Wednesday, December 9, 2015

Checkerboard Cookies

I've been missing for a while because I've been on holiday and it was a good trip with an old friend of about 18 years and this was our first trip together to Hong Kong. Though I think Hong Kong is really congested, I enjoyed the food and most of all the company. We had 3 other people who were coincidentally in Hong Kong at the same time and we ended up travelling together. I must say that they added a lot of fun to the trip and I was a little surprise because even friends may not be able to travel together and this group was an accidental success. We got along really well and I think this is because we are all compromising and just took things easy even if we got lost, walked too much or ate too full. Thank God for this trip and these people who made us laugh so hard.

This was baked long time ago, but I did not the energy to update.

I've always wondered how these are made and so when I saw the episode covering these cookies on 'Bake with Anna Olson', I had to give these a try. 



(Makes about 40 cookies)

For the vanilla dough
315g all purpose flour
115g icing sugar
100g caster sugar
227g unsalted butter at room temperature
1 large egg
1 egg yolk
1 tsp vanilla extract
0.5 tsp salt

For the chocolate dough
250g all purpose flour
115g icing sugar
100g caster sugar
45g cocoa powder
227g unsalted butter at room temperature
1 large egg
1 egg yolk
1 tsp vanilla extract
0.5 tsp salt

To make the vanilla dough
1. Beat the butter, caster and icing sugar together until light and fluffy. I used the paddle attachment.



2. Add the vanilla extract, eggs and egg yolk and beat till combined.


3. Add the flour and salt and mix till the dough comes together.


4. Shape into 2 discs and wrap with cling wrap and chill till firm.



To make the chocolate dough
5. Beat the butter, caster and icing sugar together until light and fluffy.
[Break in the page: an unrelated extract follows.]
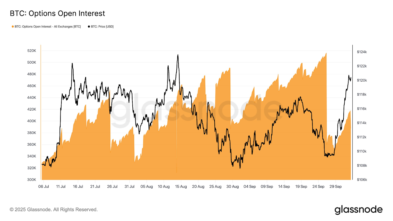 وفي الوقت نفسه ، فإن الاهتمام المفتوح لـ Bitcoin “Reset بشكل حاد” بعد انتهاء خيارات الأسبوع الماضي ، والذي قد “قد” يمهد المسرح “للربع الرابع ، وفقًا لمنصة Blockchain Data Glassnode.

I used the paddle attachment. 

6. Add the vanilla extract, eggs and egg yolk and beat till combined.

7. Add the flour, cocoa powder and salt and mix till the dough comes together. 

8. Shape into 2 discs and wrap with cling wrap and chill till firm. 




To assemble
9. You'll use one vanilla and one chocolate dough to make the checkerboard patterns and reserve the other set of vanilla and chocolate dough for the outer wrap. Cut one of the chilled vanilla and one of the chocolate dough in 2 and roll to a rough rectangle of 20cm by 12cm. You'll end up with 2 vanilla and 2 chocolate rectangular doughs. The other set of vanilla and chocolate will still be resting in the fridge. 

10. Brush the surface of a chocolate dough with water and place a vanilla one on top of it and alternate the colours for the other 2 doughs, brushing the surface with water to make sure the surface stick. 

11. Trim the edges of the assembled dough to make a rectangle. Chill the dough for about 15 min so it's easier to handle.

12. Cut strips of about 1.2cm thick lengthwise, you'll need about 8 strips to make 2 checkered doughs of 4 strips each put together. 


13. Brush the surface of one of the chocolate dough with water and place a vanilla one on top, alternating the colours, repeating 2 more strips. You'll have 2 rectangular checkerboard doughs (see below). Chill the dough for about 15 minutes.


14. Use the reserved vanilla dough, roll out into rectangle and wrap the dough around one of the checkerboard rectangle. Chill the dough for about 2 hours. When ready to bake, slice the dough into cookies of about 0.5 cm. Bake in preheated oven of 180 degrees for about 12 minutes and you'll see the checkerboard patterns as shown below at the lower end of the tray. 


15. Use the reserved chocolate dough, roll out into rectangle and wrap the dough around one of the checkerboard rectangle. Chill the dough for about 2 hours. When ready to bake, slice the dough into cookies of about 0.5cm. Bake in preheated oven of 180 degrees for about 12 minutes and you'll see the checkerboard patterns as shown above at the upper end of the tray. 

I froze the cookie dough and baked them on 2 occasions and I this is a great dough to keep handy in the fridge, to be sliced and baked with you need a quick treat last minute.